§ HOW TO COMPLETE THIS TASK: The listing below must be repeated word for word, with its images excluded.

§ RECORDED INFORMATION:
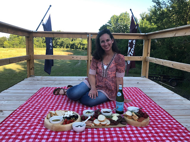 We enjoyed our charcuterie board away from home so I packed up all the cold items in a little soft sided cooler and placed my boards, serving utensils, and jars in a crate.
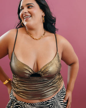 This sexy top brings instant main-character energy with its metallic sheen, ruched fit, and flirty front cutout that demands the spotlight. Throw it on and watch every room turn into your personal runway.
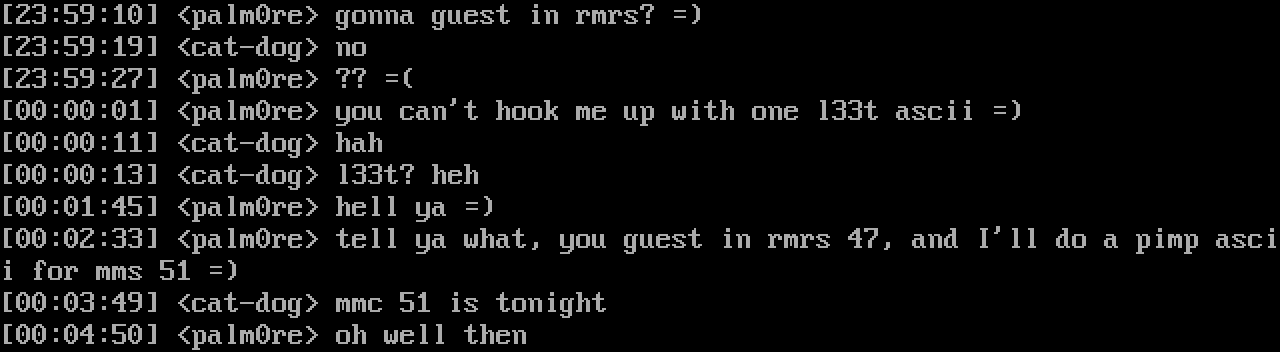 00:00:01 palm0re you cant hook me up with one l33t ascii

§ RESPONSE TO THE EXERCISE:
 We enjoyed our charcuterie board away from home so I packed up all the cold items in a little soft sided cooler and placed my boards, serving utensils, and jars in a crate.
 This sexy top brings instant main-character energy with its metallic sheen, ruched fit, and flirty front cutout that demands the spotlight. Throw it on and watch every room turn into your personal runway.
 00:00:01 palm0re you cant hook me up with one l33t ascii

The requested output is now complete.